Vieira voltou a tratar da questão em Manila, em encontro realizado em 24 de julho com Kaja Kallas, chefe da diplomacia europeia e Alta Representante para os Negócios Estrangeiros e a Política de Segurança da União Europeia, além de manter contato com Olivér Várhely, comissário europeu para Saúde e Bem-Estar Animal. O Ministério das Relações Exteriores confirmou os telefonemas e a carta enviada por Vieira. Segundo o Itamaraty, os contatos têm como objetivo esclarecer dúvidas das autoridades europeias e identificar caminhos para a retomada das exportações. A negociação entre Brasil e União Europeia permanece em andamento. Apesar da intensificação dos contatos diplomáticos, a avaliação brasileira é de que não há espaço para uma reversão imediata da exclusão ou para uma solução rápida. Além das questões técnicas e dos procedimentos envolvendo diferentes instâncias europeias, produtores da União Europeia exercem pressão política para que o Brasil permaneça fora do mercado de carnes do bloco, especialmente diante da vigência provisória do acordo entre Mercosul e União Europeia.

A União Europeia busca garantias de que o Brasil consegue assegurar que as carnes exportadas ao bloco estejam livres de determinados tipos de antimicrobianos e atendam integralmente ao regulamento europeu. Em resposta às exigências, o Brasil implementou, a partir de 1º de julho, novos procedimentos de controle do uso de antimicrobianos na cadeia de proteínas e de produtos de origem animal.
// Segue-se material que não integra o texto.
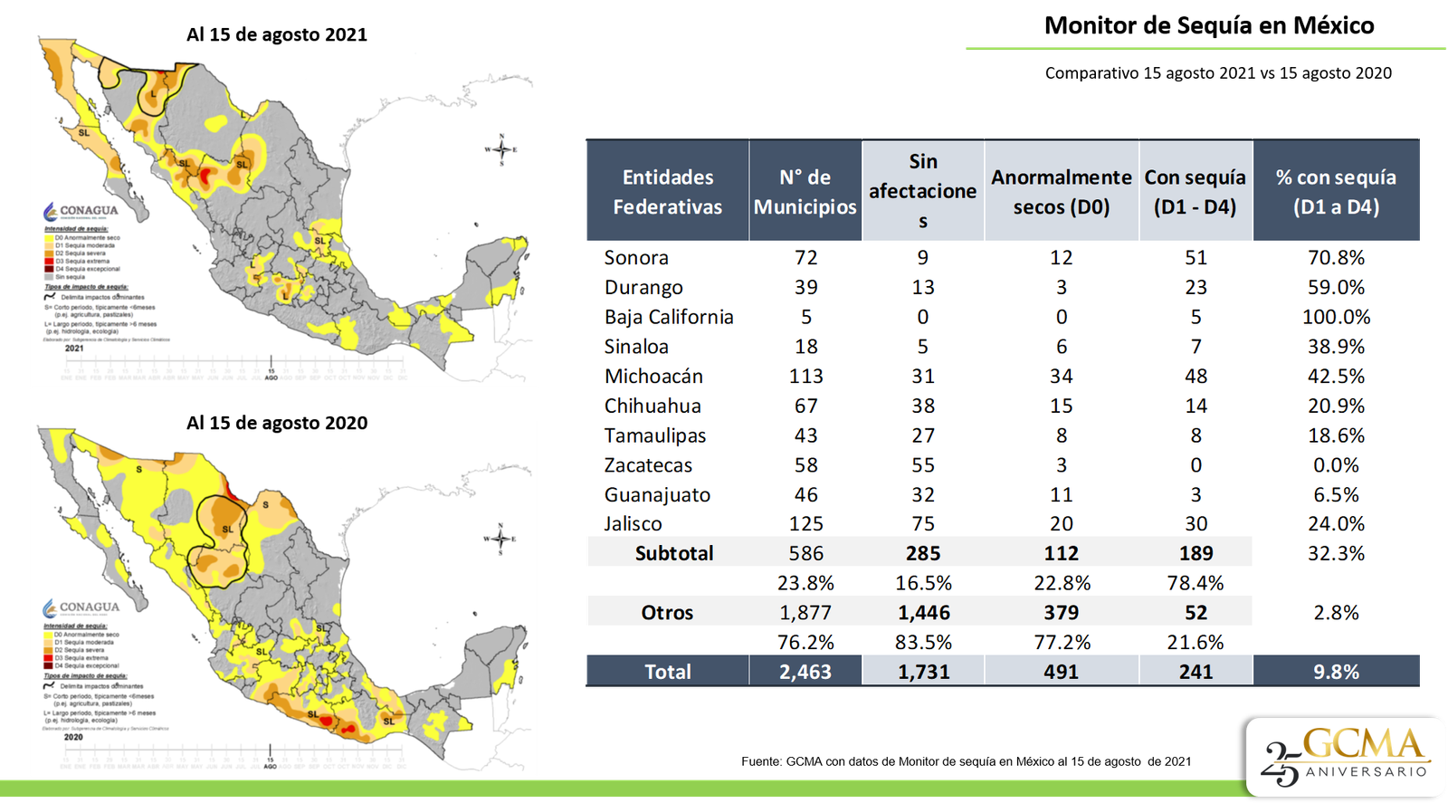 Elaborado por GCMA, con datos de la CONAGUA | Monitor de Sequía | Cifras al 15 de agosto de 2021.

Os protocolos foram apresentados às autoridades sanitárias europeias, que deverão avaliar sua suficiência somente após a realização de auditorias específicas. A validação dos procedimentos começará pelas cadeias de frangos e mel em razão dos respectivos ciclos produtivos. Na produção brasileira de mel, não há utilização de antimicrobianos, pois não existem produtos autorizados e registrados para essa finalidade. Na avicultura, o primeiro ciclo de animais submetidos ao protocolo durante toda a vida produtiva já foi concluído, considerando que o frango leva aproximadamente 45 dias entre o nascimento e o abate e que as novas regras entraram em vigor em 1º de julho.

A cadeia bovina não será incluída na auditoria neste momento. O ciclo de vida dos bovinos varia de 24 meses a 36 meses e ainda não existem bovinos com ciclo completo sob o novo protocolo de controle de antimicrobianos. Após a auditoria, a União Europeia deverá apresentar o relatório final, com a avaliação de conformidade dos procedimentos brasileiros em relação ao regulamento europeu sobre antimicrobianos, até o fim de setembro. O documento será posteriormente submetido ao Comitê Permanente de Plantas, Animais, Alimentos e Rações (Scopaff), comitê executivo da UE responsável pela atualização da lista de países autorizados a exportar animais e produtos de origem animal ao bloco. Em 12 de maio, o Scopaff aprovou a atualização que excluiu o Brasil do grupo de países considerados aptos a cumprir as exigências europeias relacionadas ao uso de antimicrobianos na pecuária.

As exigências da União Europeia incluem a segregação da produção e a necessidade de o governo brasileiro assegurar o cumprimento de protocolos privados relacionados ao uso de antimicrobianos, principalmente antibióticos utilizados como promotores de crescimento. Na prática, produtores e indústrias precisam garantir que não utilizam os produtos especificados nas normas europeias, enquanto o governo deve assegurar a fiscalização e a conformidade do setor privado. O tema vem sendo tratado entre autoridades sanitárias do Brasil e da União Europeia desde novembro de 2023 e ganhou relevância para a indústria de carnes diante do risco de dificuldades de acesso ao mercado europeu, considerado estratégico em razão da remuneração obtida nas exportações. O Brasil exporta cerca de US$ 1,8 bilhão por ano em proteínas para a União Europeia. Fonte: Broadcast Agro. Adaptado por Cogo Inteligência em Agronegócio.